Ebenezer Cole married Mary Bosworth in 1734 and they had 2 children:  Susannah and Mary.
Ebenezer married Mary Wilson in 1740 and they had 6 children:  David, Freegift, Parker, Lydia, Benjamin and Priscilla.
Excerpts from The Shelby Republican, June 28, 1917:
Ebenezer Cole, the son of Benjamin, was born in Swansea, removed to Rhode Island then to Dutchess County, New York, where his son Benjamin was born.
In 1762 he removed to Bennington, VT.  The house built by Ebenezer Cole is one of the most noted in Vermont and possibly in New England.  It stands upon a ledge some 30 feel up the side of the Green Mountains, facing what is known as West Mountain, a spur of the Green Mountains, and has a view up and down the valley between them.  It is built of smooth dressed white Vermont granite.  It has eight rooms, four on the first floor, the same on the second floor; each room is 20 feet square.  There is a hall 15 feet wide in which is built the stairway.  The walls are three feet in thickness and extend to the cellar or basement which is 40×55 feet.  Leading from this basement is a tunnel leading quite a long distance to the foot of the hill.  This tunnel is wide enough that a two-horse wagon may be driven through it.  Midway of the tunnel is a deep well the full width of the tunnel, which has a drawbridge.  When the bridge is drawn, anyone passing through the tunnel would fall many feet to the water.  This house was an almost impregnable castle and in the basement was stored the arms of the Shaftsbury company and at an alarm all assembled here.
Excerpts from The Descendants of James Cole of Plymouth by E. B. Cole:
Ebenezer Cole was born in Swansea, Mass, March, 29, 1712.  He married Mary Bosworth in Swansea on May 19 1734.  She died in Rehoboth, Mass. on July 16, 1739.  He married his second wife, Mary Wilson, in Rehoboth also on June 10, 1740.  She was born 10/17/1714, and died in Shaftsbury, Vt. on March 26, 1794.  About 1737 he removed to Rehoboth, and soon after his second marriage removed to Portsmouth, R.I.  In 1740 the records show he was appointed one of a committee of three for the preservation of deer at Portsmouth.  In 1745 he removed to Oblong, New York.  In 1762 he removed to Bennington, VT.  He purchased 1,800 acres of land and with others was one of the founders of the town of Shaftsbury, VT.  He was a civil engineer and surveyor.  At a meeting of the proprietors of land composing Shaftsbury, held in Bennington, he was chosen one of a committee of three to subdivide the land and lay out the town of Shaftsbury.  At the commencement of the Revolution, he held a commission as magistrate for the Crown, and under his oath of office was disposed to enforce the law, and immediately received a notice from the town committee to leave the township.  One of his sons accepted the commission as captain in the British Army.  But after the first year of the war Ebenezer became a staunch supporter of the Revolutionary cause, and three of his sons served as soldiers in the Shaftsbury Company, including his son David, who had previously accepted a commission in the British Army.  Ebenezer died in Shaftsbury on the 22nd of March, 1794 at the age of 86 years old.  He is buried in the Shaftsbury Center Cemetery with his wife Mary Wilson who passed four days after her husband.
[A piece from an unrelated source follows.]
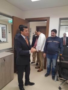 حرص وزير الشباب والرياضة على المرور بعدد من المكاتب الإدارية حيث التقى العاملين من مختلف الإدارات مستمعاً لأرائهم حول بيئة العمل والتقنيات التكنولوجية الجديدة المُطبقة داخل ديوان الوزارة بالحى الحكومى بالعاصمة الإدارية الجديدة وانطباعاتهم عن أول أيام تواجدهم بشكل كامل بالديوان الجديد.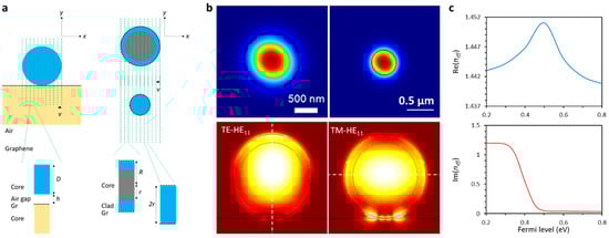 Calculation and simulation of graphene-based microfibers. (a) Scheme of the finite element method (FEM) simulation for graphene-based microfibers. (b) Simulated electric field intensity distributions. (c) Calculated effective index of a graphene-based microfiber, relying on the Fermi level of graphene. Here simulations in (b) are reproduced from Refs. [43,46].

Inscription on Ebenezer Cole’s tombstone:
“You see the place where I am laid
Death is a debt that must be paid.
And as by me you find it true.
And time will prove it so by you.
Let not your time then run to waste,
In vain delights that please your taste,
But for an endless world prepare,
For time is short, you must be there.”

Benjamin Cole  (born in 1750, NY; died at age 72 in 1822, in Shelby County, IN)
Prudence Hard  (born in 1755, CT; died at age 68 in 1823, in Shelby County, IN)
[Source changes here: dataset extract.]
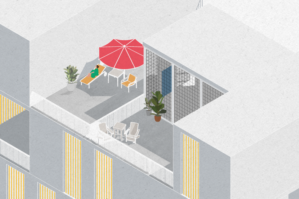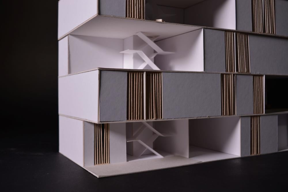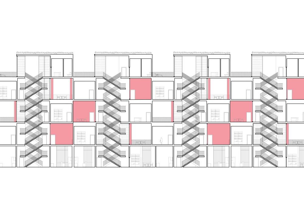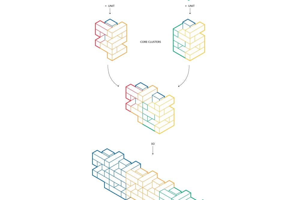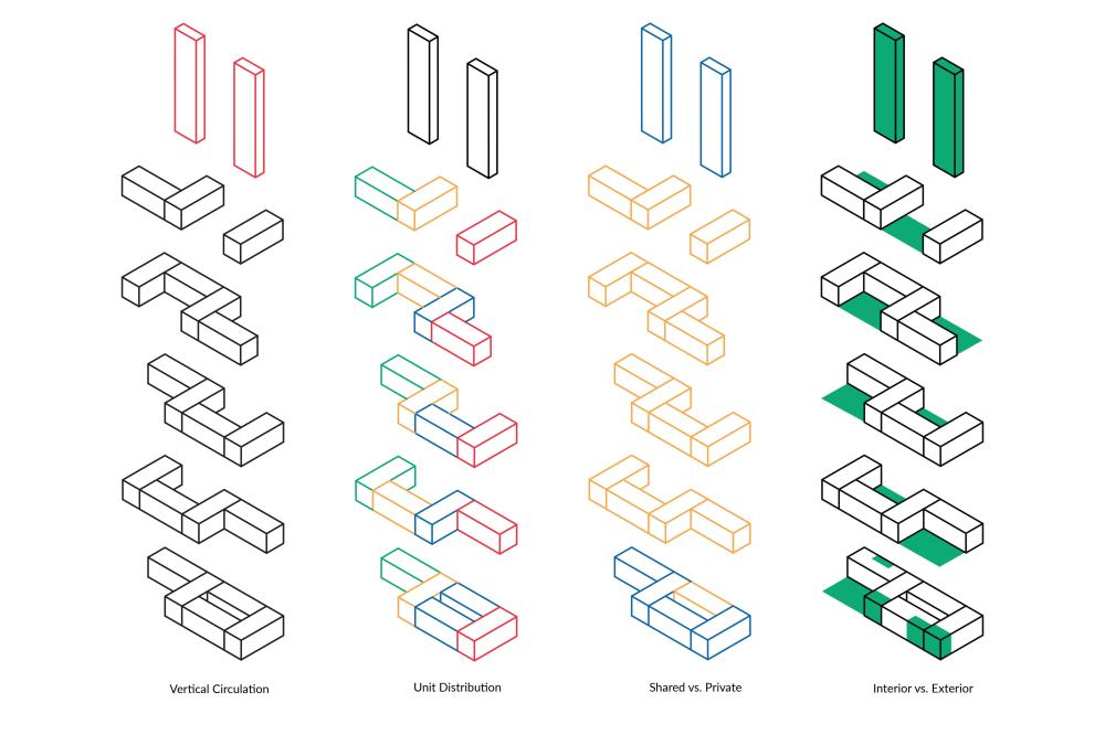 Each ‘unit’ itself is composed of ground floor shared amenities, and each floor above serves as private living spaces for each individual ‘family.’ The structure is composed of rectangular modules that aggregate around a series of six central cores, allowing for open terraces and outdoor living between modules while maintaining a dense architectural fabric. This method of formal aggregation used in this project functionally serves the cooperative living well, as two ‘units’ wrap around and share a scissor stair core and elevator, allowing for a higher level of density while maintaining privacy and separation between ‘units’.

3rd great-grandparents of the Applegate sisters.
Benjamin Cole married Prudence Hard in 1778 and they had 8 children:  Abel, Anna, Calvin, Arvilla/Aurella, Edward, Almena, Arletta and Seth Martin.
Benjamin Cole was born in Dutchess County, NY.  When he was 12 years old, his family moved to Shaftsbury, VT.  He was the fifth boy in the family.  He moved with all of his sons and sons-in-law to western New York at age 53, and then on to Indiana, where he died on 25 Oct. 1822.  He is the only Revolutionary War soldier buried in Hanover Cemetery, one mile south of Morristown, IN.  He was a Private in Capt. Bigelow Lawrence’s Company, Walbridge’s Regiment during the Revolution.  He signed up again in Capt. Galusha’s Company, Col. Herrick’s Regiment, Vermont Militia, and then in Capt. John Pratt’s Company, in Col. Bridge’s Regiment.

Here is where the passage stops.